All subsequent annual reports on Form 20-F filed by us and all subsequent reports on Form 6-K filed by us that are identified by us as being incorporated by reference shall be deemed to be incorporated by reference into this registration statement and shall be deemed to be a part hereof after the date of this registration statement but before the termination of the offering by this Prospectus.





In addition, all documents filed by the Registrant pursuant to Sections 13(a), 13(c), 14 or 15(d) of the Exchange Act subsequent to the date of this registration statement and prior to the filing of a post-effective amendment to this registration statement that indicates that all securities offered hereunder have been sold or that deregisters all such securities then remaining unsold shall be deemed to be incorporated by reference into this registration statement and to be a part hereof from the date of the filing of such documents.
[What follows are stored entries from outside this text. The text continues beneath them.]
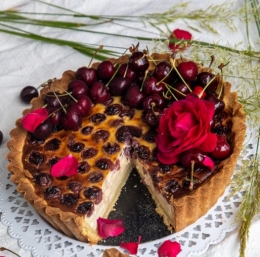 5. Ko je testo deloma pečeno, ga vzamemo iz pečice in obložimo z nadevom, po vrhu pa naložimo višnje. Zelo koristno je, da vsako prej pregledamo, da se ne bi ukvarjali s polomljenim zobom zaradi koščice.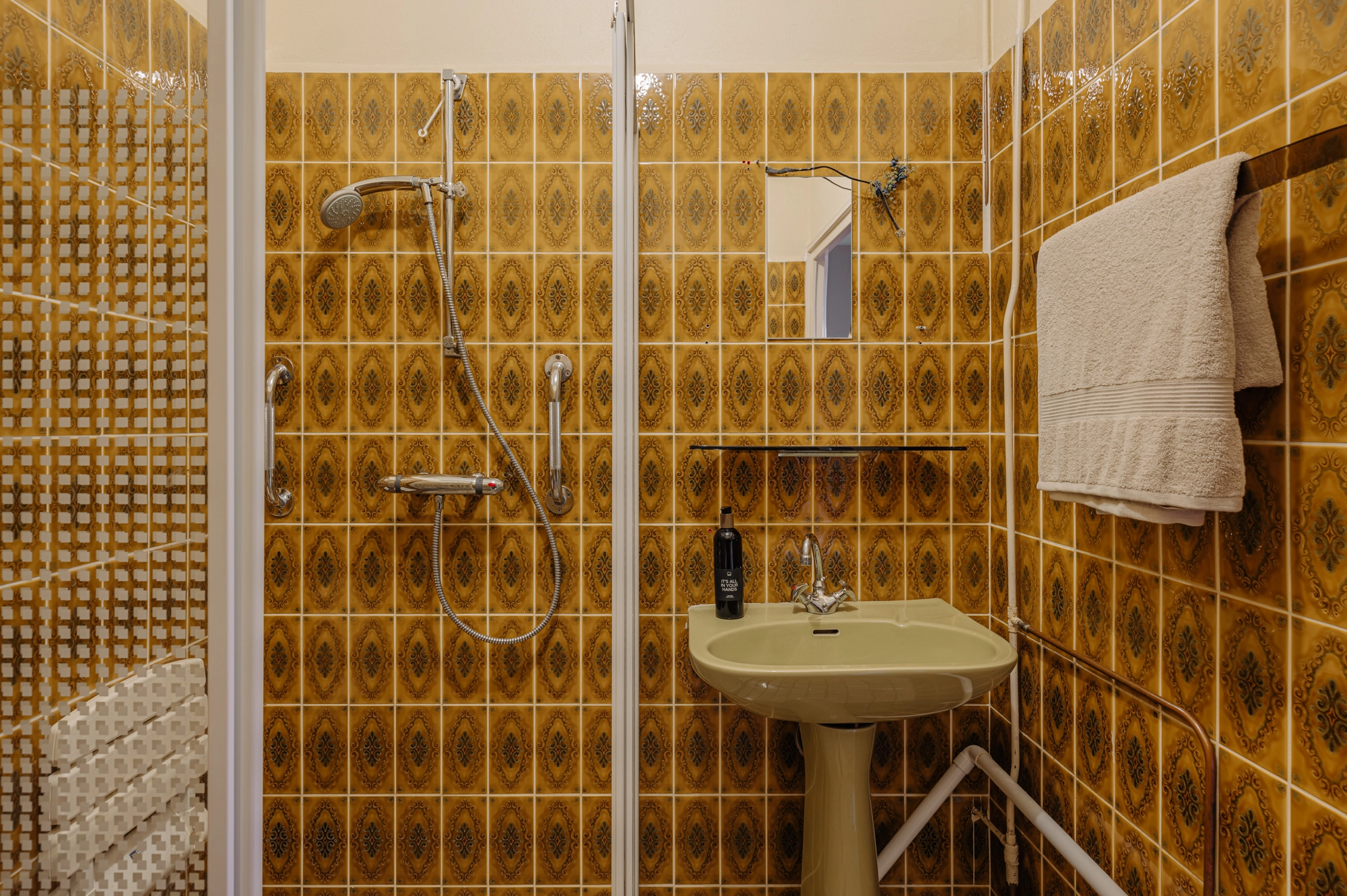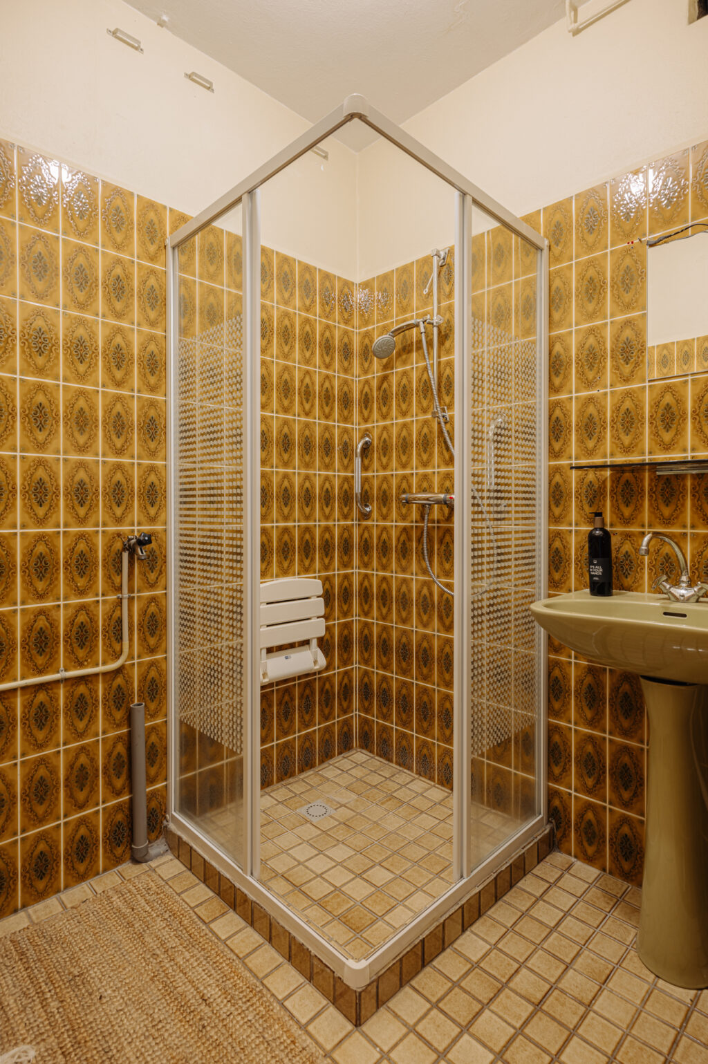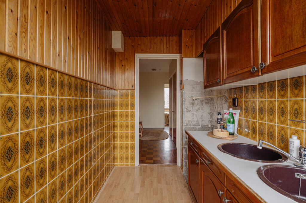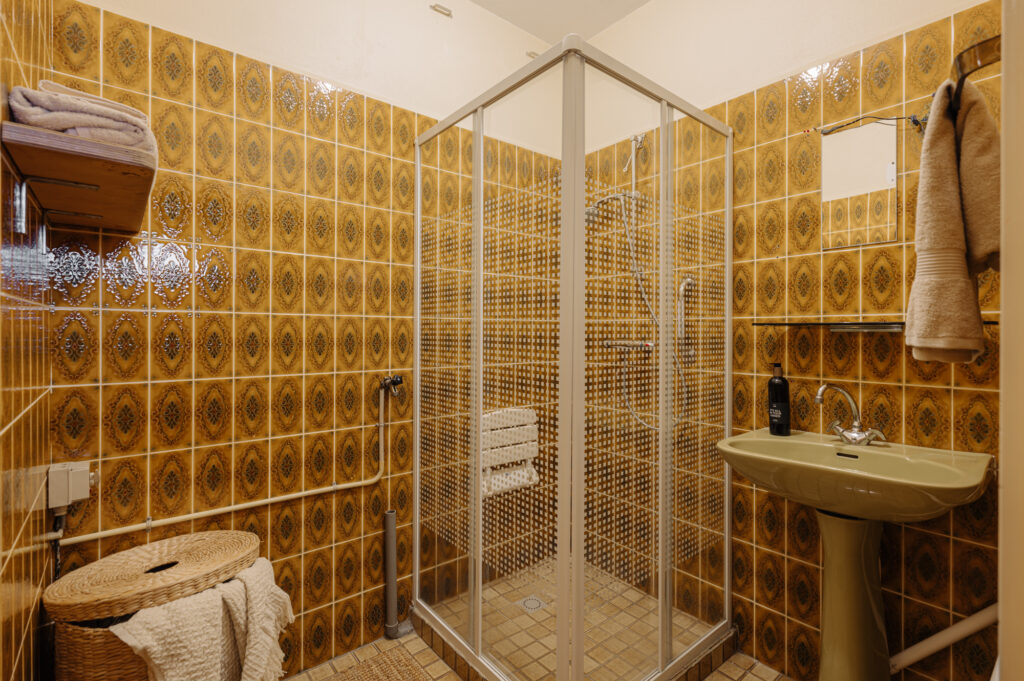 The apartment features two fully-fledged bedrooms, both practical and generously sized. The master bedroom is located at the quiet front side of the apartment, making it the perfect place to unwind. This room offers ample space for a double bed and a large wardrobe. The second bedroom is situated at the rear and overlooks the balcony and the green surroundings. This room can be adapted to suit your needs, whether as a guest room, children’s room, or home office. The bathroom is centrally located within the apartment and has a practical, nearly square layout. This makes it easy to create a modern bathroom during a potential renovation, for example, with a walk-in shower, sink, and washing machine connection.
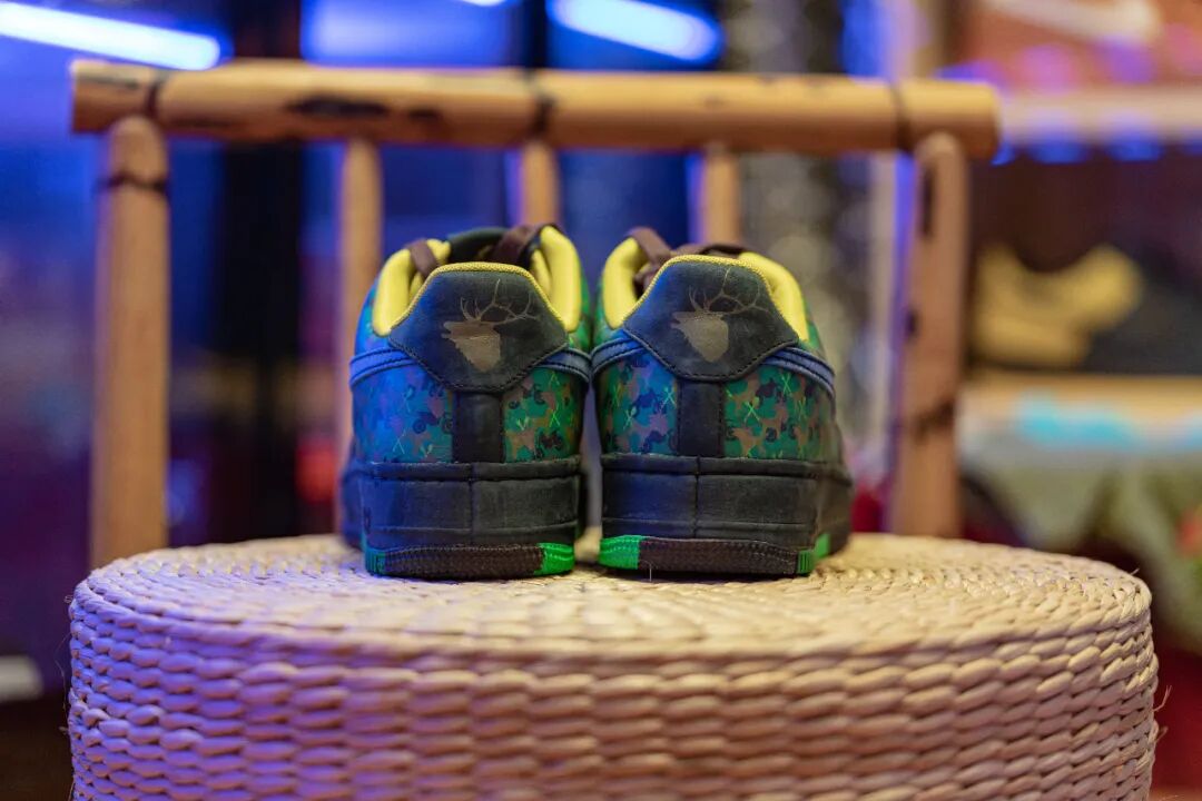 而他对户外环境的喜爱则通过狗、麋鹿、山地自行车以及整体较为深沉的配色来体现。材质工艺上也是十分考究,称得上慈善款 AF1 中的佳作。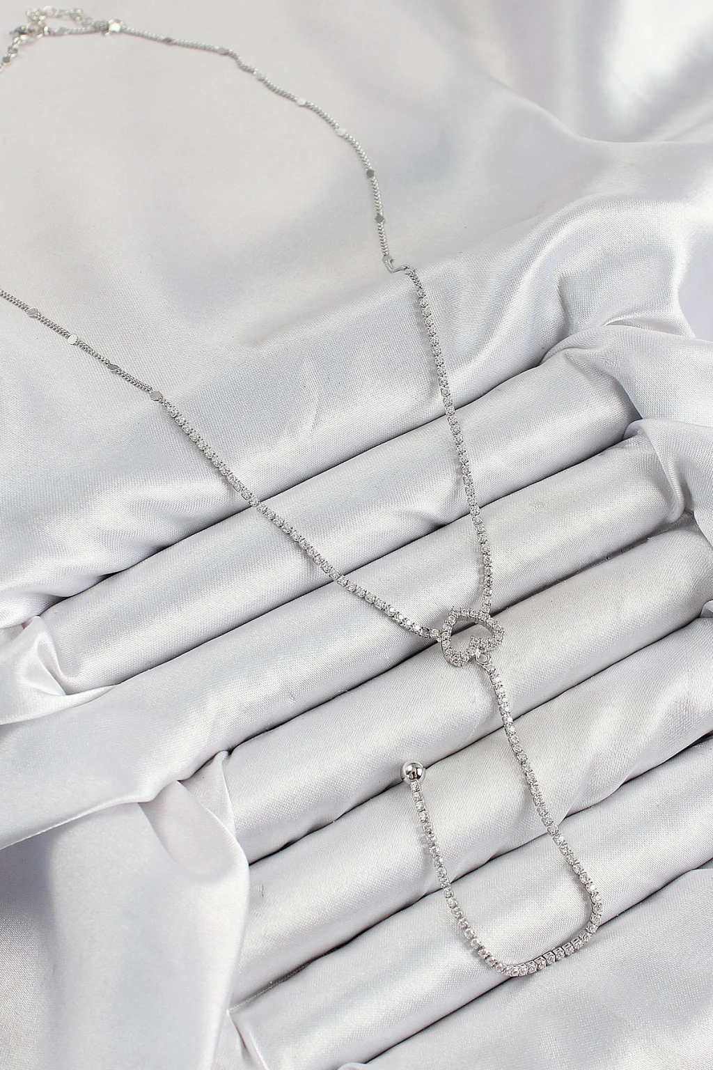 BUĞZ Pirinç Zirkon Taşlı Kalp Model Gümüş Renk Y Kolye - Lisinya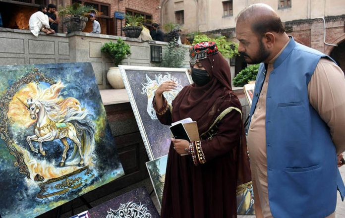 LAHORE: October 19 – Visitors viewing a painting and calligraphy exhibition at Masjid Wazir Khan Square, organized in collaboration with The Knowledge of Art Academy and the Walled City of Lahore Authority. APP/AHF/FHA
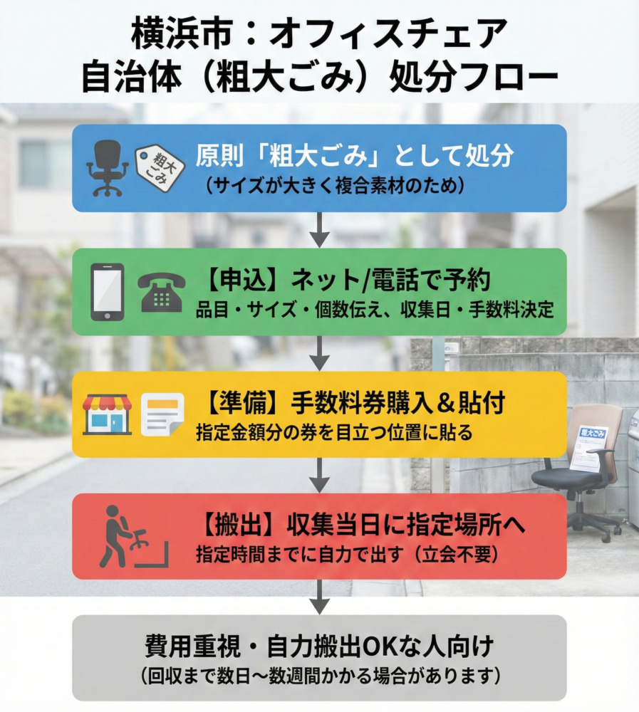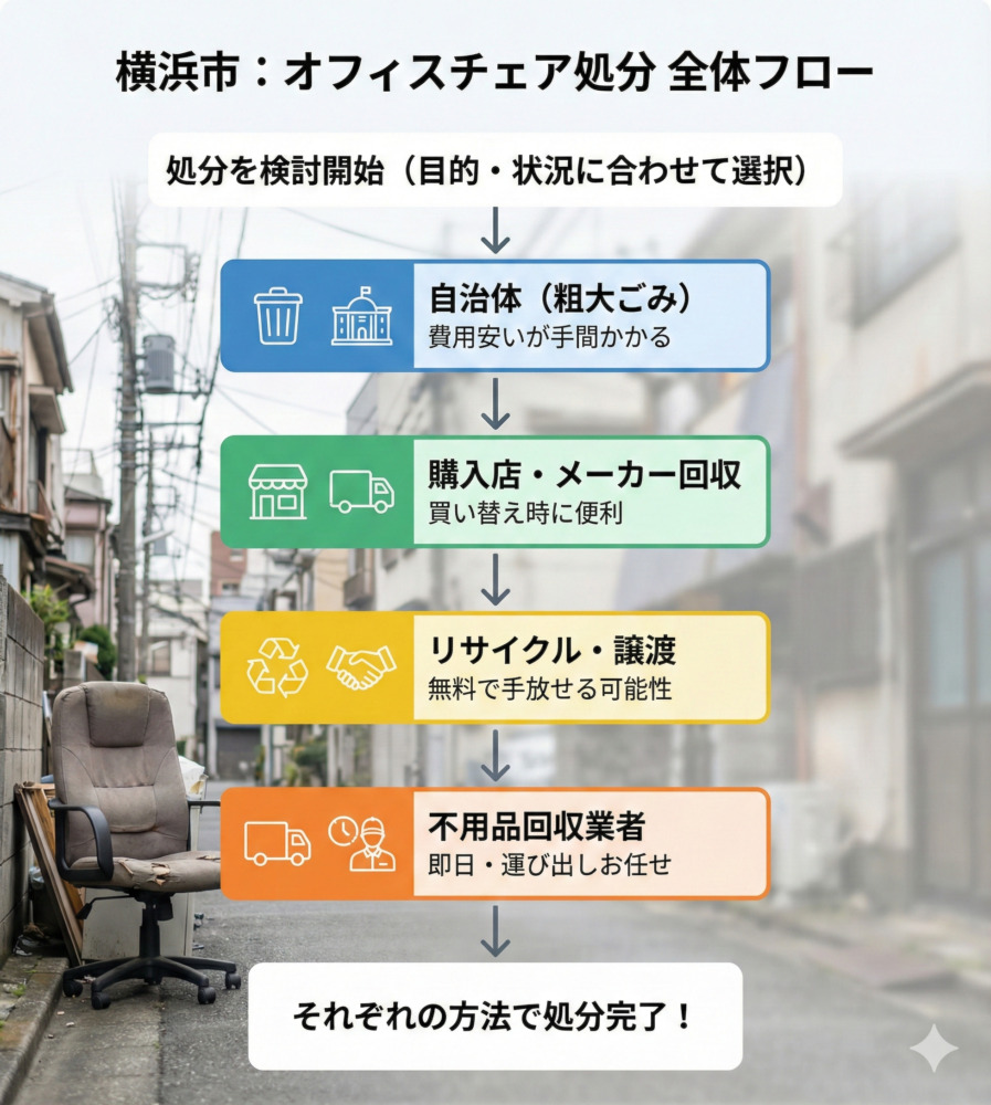 上のイメージは、横浜市でオフィスチェアを処分する際の代表的な流れを示しています。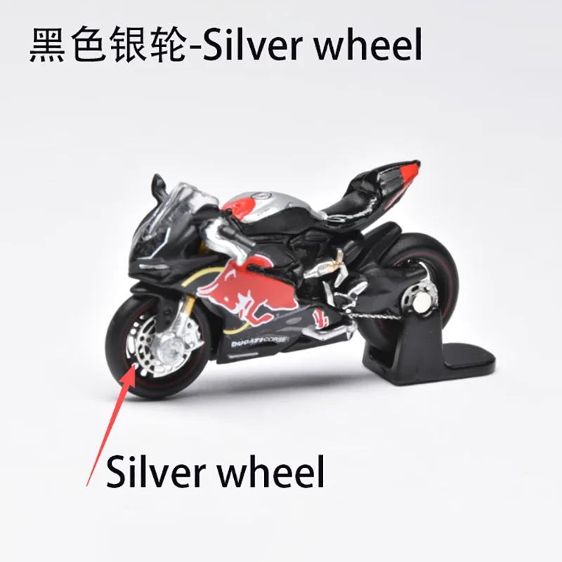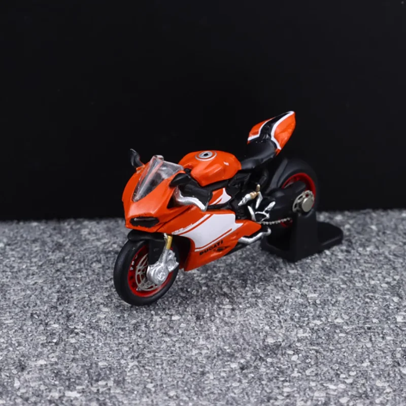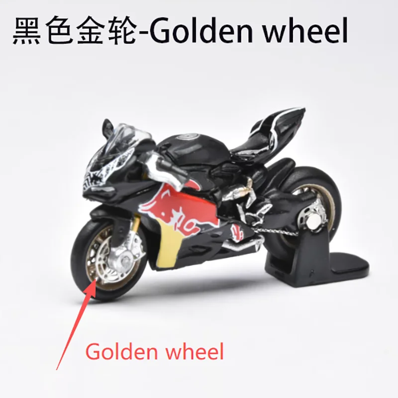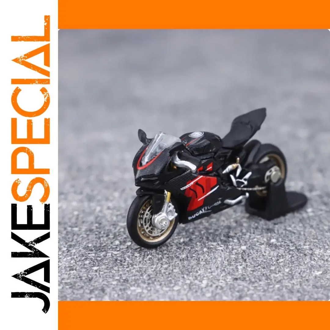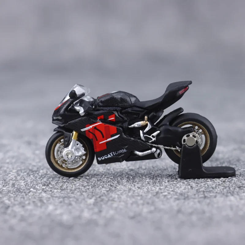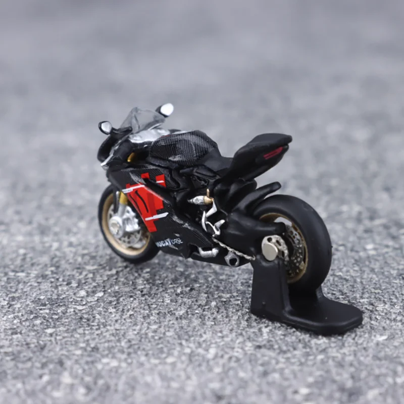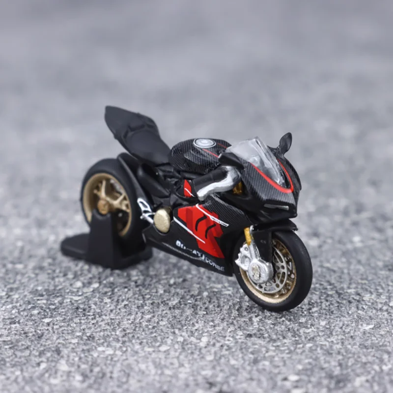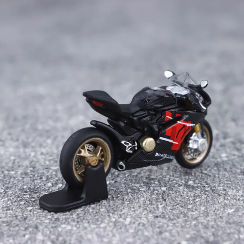 Bring home this highly detailed 1/64 scale diecast motorcycle model that captures the sleek essence of high-performance sport bikes. Measuring approximately 3 by 1 by 2 centimeters, this miniature replica is crafted from alloy and plastic, offering exceptional craftsmanship and realism. Its smooth black body, highlighted with vibrant red accents on the fairings, exudes a sporty and aerodynamic aesthetic that enthusiasts will admire. The model's fine details, including a realistic windshield, gold-colored brake discs, engine cover, exhaust pipe, and chain drive, provide a lifelike appearance. Designed purely for display, this collectible adds a dynamic touch to your collection or makes a perfect gift for motorcycle lovers and model enthusiasts alike.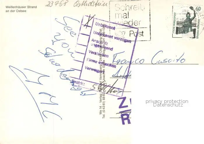Weissenhaeuser_Strand Fliegeraufnahme Weissenhaeuser_Strand postalisch gelaufen 1991 Erhaltung siehe scans [FriedD77] Frierer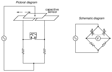 As you can see, all of the differential devices shown in the above illustration have three wire connections rather than two: one wire for each of the “end” plates and one for the “common” plate. As the capacitance between one of the “end” plates and the “common” plate changes, the capacitance between the other “end” plate and the “common” plate is such to change in the opposite direction. This kind of transducer lends itself very well to implementation in a bridge circuit: (Figure below)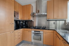 De halfopen keuken sluit naadloos aan bij de leefruimte en is voorzien van inbouwapparatuur, waaronder een vaatwasser, oven, magnetron, koel-vriescombinatie en gaskookplaat met afzuigkap. Het granieten werkblad voegt net dat vleugje extra toe.

Any statement contained in any document incorporated or deemed to be incorporated by reference into this registration statement shall be deemed to be modified or superseded for purposes thereof to the extent that a statement contained therein or in any other subsequently filed document that is also incorporated or deemed to be incorporated therein by reference modifies or supersedes such statement. Any such statement so modified or superseded shall not be deemed to constitute a part of this registration statement.
ITEM 4.
Description of Securities
Not applicable.
ITEM 5.
Interests of Named Experts and Counsel
Not applicable.
ITEM 6.
Indemnification of Directors and Officers
The registrant was incorporated under the laws of Canada and is subject to the Canada Business Corporations Act. Under Section 124 of the Canada Business Corporations Act, the Registrant may indemnify a present or former director or officer of the Registrant or another individual who acts or acted at the Registrant’s request as a director or officer, or an individual acting in a similar capacity, of another entity, against all costs, charges and expenses, including an amount paid to settle an action or satisfy a judgment, reasonably incurred by the individual in respect of any civil, criminal, administrative, investigative or other proceeding in which the individual is involved because of that association with the Registrant or other entity. The Registrant may not indemnify an individual unless the individual (i) acted honestly and in good faith with a view to the best interests of the Registrant or, as the case may be, to the best interests of the other entity for which the individual acted as director or officer or in a similar capacity at the Registrant’s request, and (ii) in the case of a criminal or administrative action or proceeding that is enforced by a monetary penalty, had reasonable grounds for believing that his or her conduct was lawful. Such indemnification may be made in connection with an action by or on behalf of the Registrant or other entity to procure a judgment in its favor only with court approval. A director or officer is entitled to indemnification from the Registrant as a matter of right if he or she was not judged by the Court or other competent authority to have committed any fault or omitted to do anything that he or she ought to have done and fulfilled the conditions set forth above. The Registrant may advance moneys to a director, officer or other individual for the costs, charges and expenses of a proceeding referred to above. The individual shall repay the moneys if he or she does not fulfill the conditions set forth above to qualify for indemnification.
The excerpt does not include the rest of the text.